Dolphin brains show signs of Alzheimer's Disease
"It is very rare to find signs of full-blown Alzheimer's Disease in non-human brains. This is the first time anyone has found such clear evidence of the protein plaques and tangles associated with Alzheimer's Disease in the brain of a wild animal." Humans are also almost unique in living long after they are capable of having children; fertility in both men and women declines sharply around the age of 40, but people can go on to live as long as 110 years. Other animals tend to die shortly after the end of their fertile years. Researchers tested the idea that living long after the end of fertility might be linked to Alzheimer's Disease, by studying the brains of another species which can live long after having offspring: dolphins. They found signs of Alzheimer's Disease in the brains of dolphins which had died after washing up ashore on the Spanish coast.

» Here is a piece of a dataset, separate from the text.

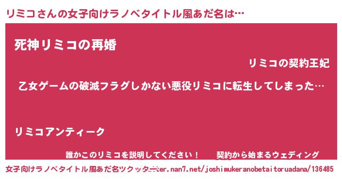 | 男性向けラノベタイトル風あだ名 | 『魔弾の王とリミコ』 |

The team analysed 'plaques' of a protein called beta amyloid in the brains of dolphins, as well as tangles of another protein called tau: these plaques and tangles are signatures of Alzheimer's Disease. The team think that humans and dolphins are near-uniquely susceptible to Alzheimer's Disease because of alterations in how the hormone insulin works in these species. Insulin regulates the levels of sugar in the blood, and sets off a complex chemical cascade known as insulin signalling. While alterations in insulin signalling can cause diabetes in people and other mammals, previous scientific work also found that extreme calorie restriction in some animals (e.g. mice and fruit flies) altered insulin signalling - and extended the animals' lifespan by up to three times.
"We think that in humans, the insulin signalling has evolved to work in a way similar to that artificially produced by giving a mouse very few calories. That has the effect of prolonging lifespan beyond the fertile years, but it also leaves us open to diabetes and Alzheimer's Disease. Previous work shows that insulin resistance predicts the development of Alzheimer's Disease in people, and people with diabetes are more likely to develop Alzheimer's. But our study suggests that dolphins and orcas (who also have a long post fertility life span) are similar to humans in many ways; they have an insulin signalling system that makes them an interesting model of diabetes, and now we have shown that dolphin brains show signs of Alzheimer's identical to those seen in people."

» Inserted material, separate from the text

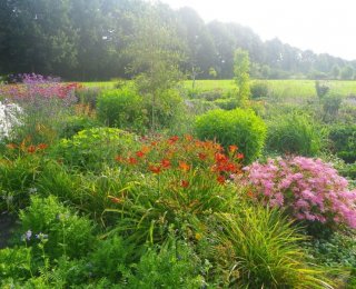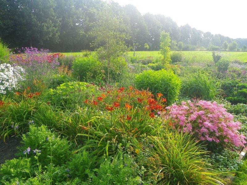 Einen ganz anderen Charakter hat der private Liebhabergarten Heerloo in de Landouwen. Fließende Linien, Staudenbeete, Gräser und Wildblumen prägen dieses naturnah gestaltete Gartenparadies, das sich harmonisch in die umliegende Landschaft einfügt und eine besondere Leichtigkeit ausstrahlt.

Alzheimer's disease and diabetes mellitus are linked by epidemiology, genetics, and molecular pathogenesis. They may also be linked by the remarkable observation that insulin signaling sets the limits on longevity. In worms, flies, and mice, disrupting insulin signaling increases life span leading to speculation that caloric restriction might extend life span in man. It is our contention that man is already a long-lived organism, specifically with a remarkably high postfertility life span, and that it is this that results in the prevalence of Alzheimer's disease and diabetes. We present novel evidence that Dolphin, like man, an animal with exceptional longevity, might be one of the very few natural models of Alzheimer's disease.